Lancaster’s and Mosquitoes bathed the area in bombs, destroying tanks, horses and men in equal measure. It was an awful blood-letting and the survivors were in no mood to take prisoners when the New Zealand crew of a stricken Lancaster parachuted down nearby. Vengeful cavalry sabres flashed in the firelight, continuing on when life was long since extinct and the victims no longer resembled men.
On the ground the results on the Allied units were quite devastating as the Soviet Armies resorted to their normal tactic of concentrating their attacks on specific points.
Whole battalions were swept away in an avalanche of shells and rockets.
On each of the five chosen focal points breakthrough was achieved swiftly, the leading Soviet units passing through a desolate landscape tainted by the detritus of what a few minutes beforehand had been human beings and the weapons they served.

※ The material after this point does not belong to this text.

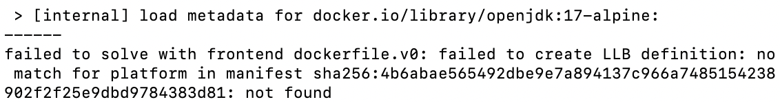 또 자신이 M1 맥북이라면 위의 코드처럼 꼭 platform을 넣어주어야 한다. 안그러면 아래와 같은 오류를 만나게 된다.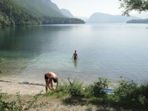 Poletno terensko delo velikanov slovenske etnologije in folkloristike: Valens Vodušek in Milko Matičetov ob snemanju pravljičarja Joza Kravanja Marinčiča.

Occasionally a group of shell-shocked troops rallied and fought back, but in the main only the odd desultory shot greeted the advancing Red Army.
The reports of advances were immediately sent back and within twenty minutes Zhukov knew he had all five breakthroughs ready to exploit, and ordered the operations to go ahead as planned.
Ten minutes after Zhukov’s orders had gone out, a bleary eyed Eisenhower, woken from his much needed sleep to swiftly throw on his previous day’s shirt and trousers, learned that he no longer had an intact front line and that a disaster was in the making.